I have been fascinated by the ballistic (collisionless) motion of charge carriers in solids since the start of my career. In practice this motion is often impeded by unavoidable impurities in the solid. But when it works, the charge carriers maintain their quantum properties while dissipating a minimum amount of energy.

Applying a strong magnetic field perpendicular to a two-dimensional conducting layer can accomplish the feat. Then, the quantum Hall effect kicks in, forcing the charges to the edges of the sample where they skip along in so-called 'chiral edge channels'. Backward scattering is virtually eliminated because that would require the charges to find a way to the opposite edge, where charges move in the opposite direction.

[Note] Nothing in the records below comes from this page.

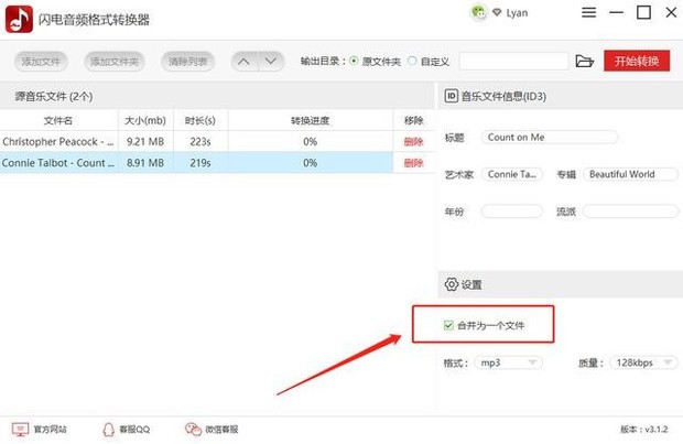 二、在成功上传音频文件后,勾选软件右下角的“合并为一个文件”。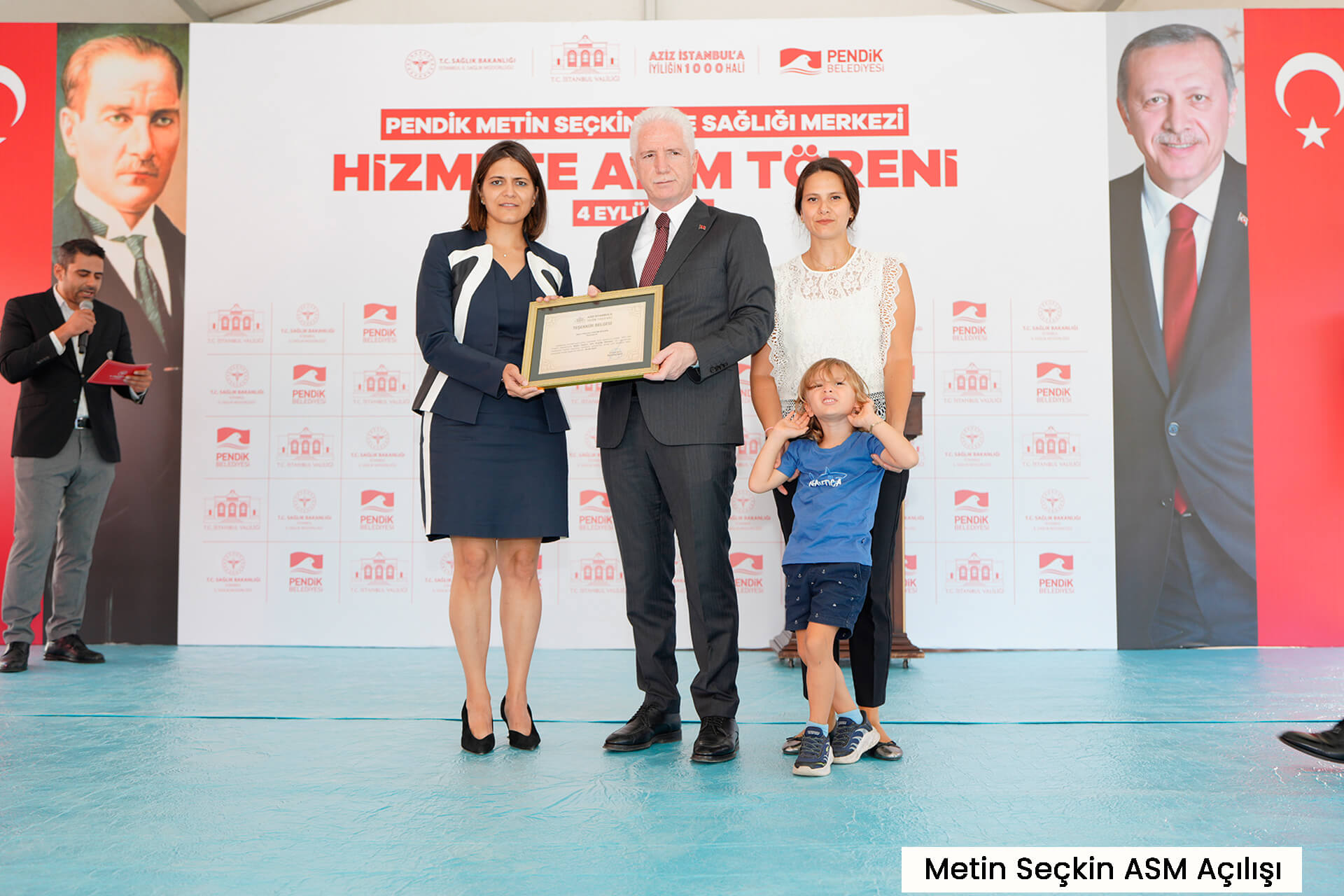 Hekim’in kızı Handan Hekim’in hayatını kaybeden merhum eşinin anısını yaşatmak için birlikte yaptırdıkları ve bağış yoluyla devlete kazandırdıkları Pendik Metin Seçkin Aile Sağlığı Merkezi düzenlenen törenle hizmete açıldı.
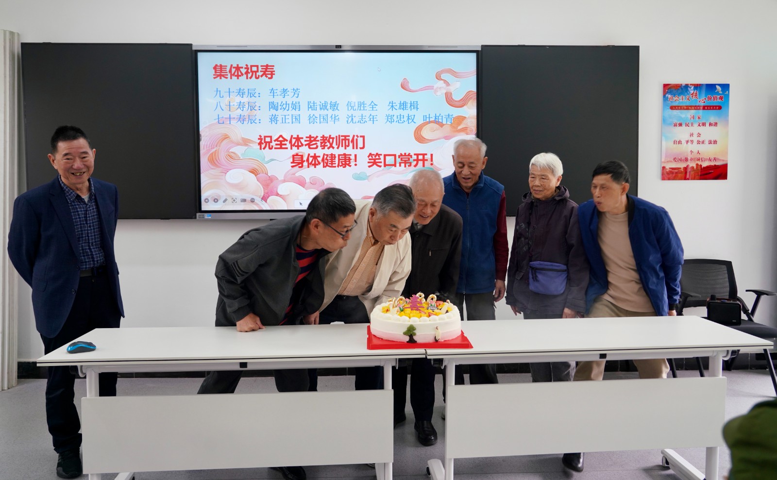 今年恰逢十位退休教师喜迎逢十寿辰,学院特意准备的集体祝寿环节,将本次活动推向高潮。伴随喜庆的《生日祝福歌》,寿星们在大家的祝福声中纷纷上台共同许愿吹灭蜡烛,全体老师一同分享生日蛋糕,掌声、笑声与真挚的祝福交织在一起,将此刻的温馨定格成永恒的记忆。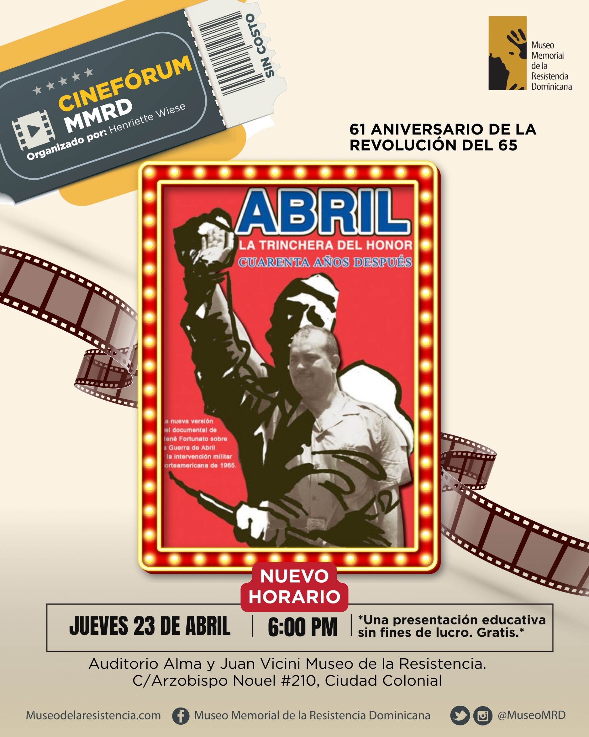 • Lugar: Auditorio Alma y Juan Vicini, Museo de la Resistencia, C/ Arzobispo Nouel #210, Ciudad Colonial
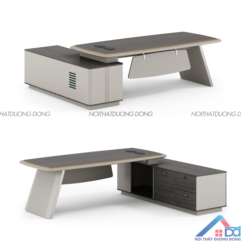 Bàn giám đốc nhập khẩu của Dương Đông có thiết kế hiện đại, mặt bàn cong và chân bàn vát tạo sự thanh toát và mới mẻ cho không gian làm việc của bạn: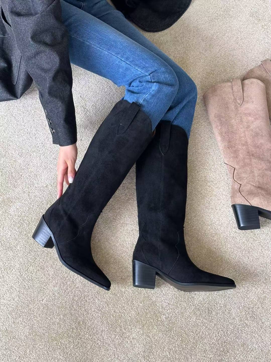 CP值超高🤍絨面兩色入牛仔靴

Recently, Laurens Molenkamp of the University of Würzburg in Germany and his colleagues took a step towards verifying the quantum spin Hall effect (M. König et al. Science 318, 766–770; 2007). This is where chiral edge channels form spontaneously in semiconductor insulators with peculiar electronic structures — namely, where the valence band is energetically higher than the conduction band because of the strong spin-orbit interaction between electron spins and electron velocities. This means that spin-up electrons are carried only by edge channels moving in one direction and spin-down elections are carried by edge channels moving in the opposite direction.

Molenkamp's team used a thin layer of mercury telluride sandwiched between two layers of mercury cadmium telluride. Because measuring spin current is difficult, they recorded the conductance of this middle layer to verify the ballistic transport that characterizes edge-channel transport. It was quantized, as predicted.

With further verification, the finding could lead to low-power devices based on the transport of spins rather than charges. Thus a quirk in the scientific field I have always loved might find a practical application.